=== The data ===
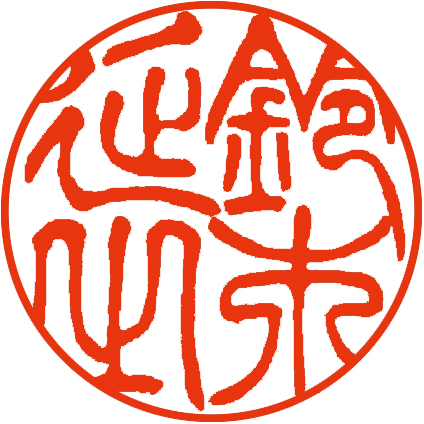 またどの文字にも必ず1つだけ「波磔(はたく)」と呼ばれる主役の線があるのが隷書の特徴になり、印章製作においては丸い枠との兼ね合いに腕が問われます。
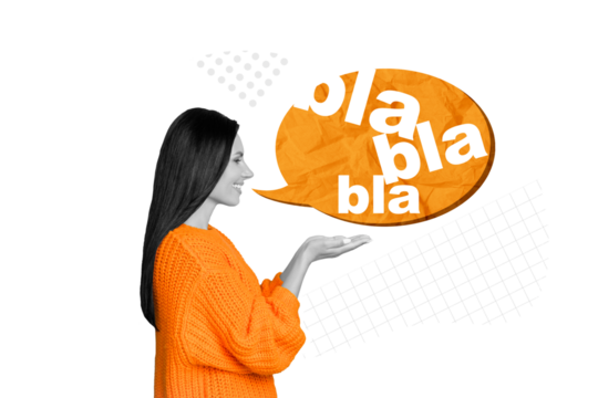 Close up of human ear listening to a continuous stream of BLAH text emanating from an open mouth collage transparent background
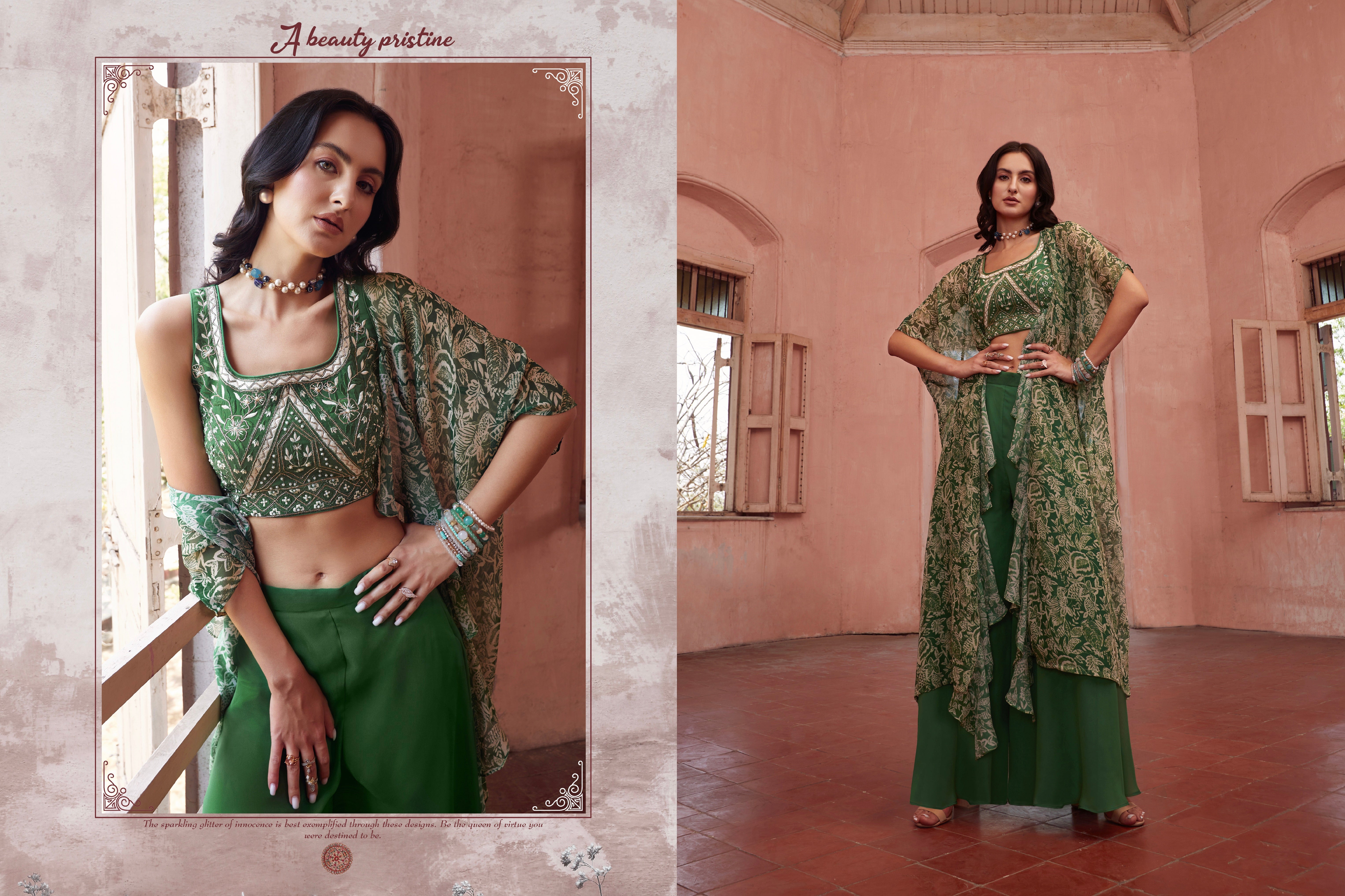 Mint Green Printed Crepe Silk Palazzo Suit with Hand Aari & Gota Work loading
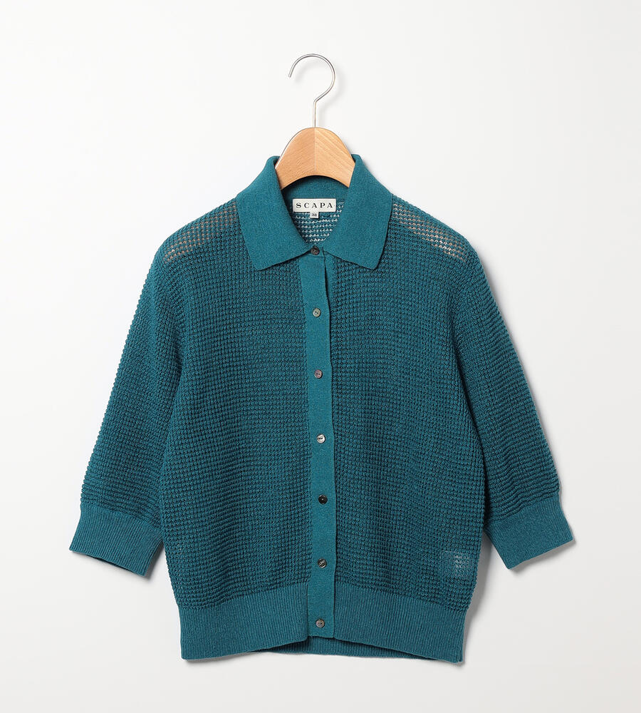 リネンのメッシュニットを用いたカーディガンです。襟を添えていることで、ラフになりすぎずエレガントな印象に仕上げた1点。発色の綺麗なニットは春夏のスタイリングのアクセントに最適です。ウエストをリブで絞っているためメリハリのあるシルエットを演出。スカートなどを合わせると気品のある着こなしが完成します。
===
_What to produce_. Copy every line above exactly, leaving no picture in the copy.

_Finished task_.
 またどの文字にも必ず1つだけ「波磔(はたく)」と呼ばれる主役の線があるのが隷書の特徴になり、印章製作においては丸い枠との兼ね合いに腕が問われます。
 Close up of human ear listening to a continuous stream of BLAH text emanating from an open mouth collage transparent background
 Mint Green Printed Crepe Silk Palazzo Suit with Hand Aari & Gota Work loading
 リネンのメッシュニットを用いたカーディガンです。襟を添えていることで、ラフになりすぎずエレガントな印象に仕上げた1点。発色の綺麗なニットは春夏のスタイリングのアクセントに最適です。ウエストをリブで絞っているためメリハリのあるシルエットを演出。スカートなどを合わせると気品のある着こなしが完成します。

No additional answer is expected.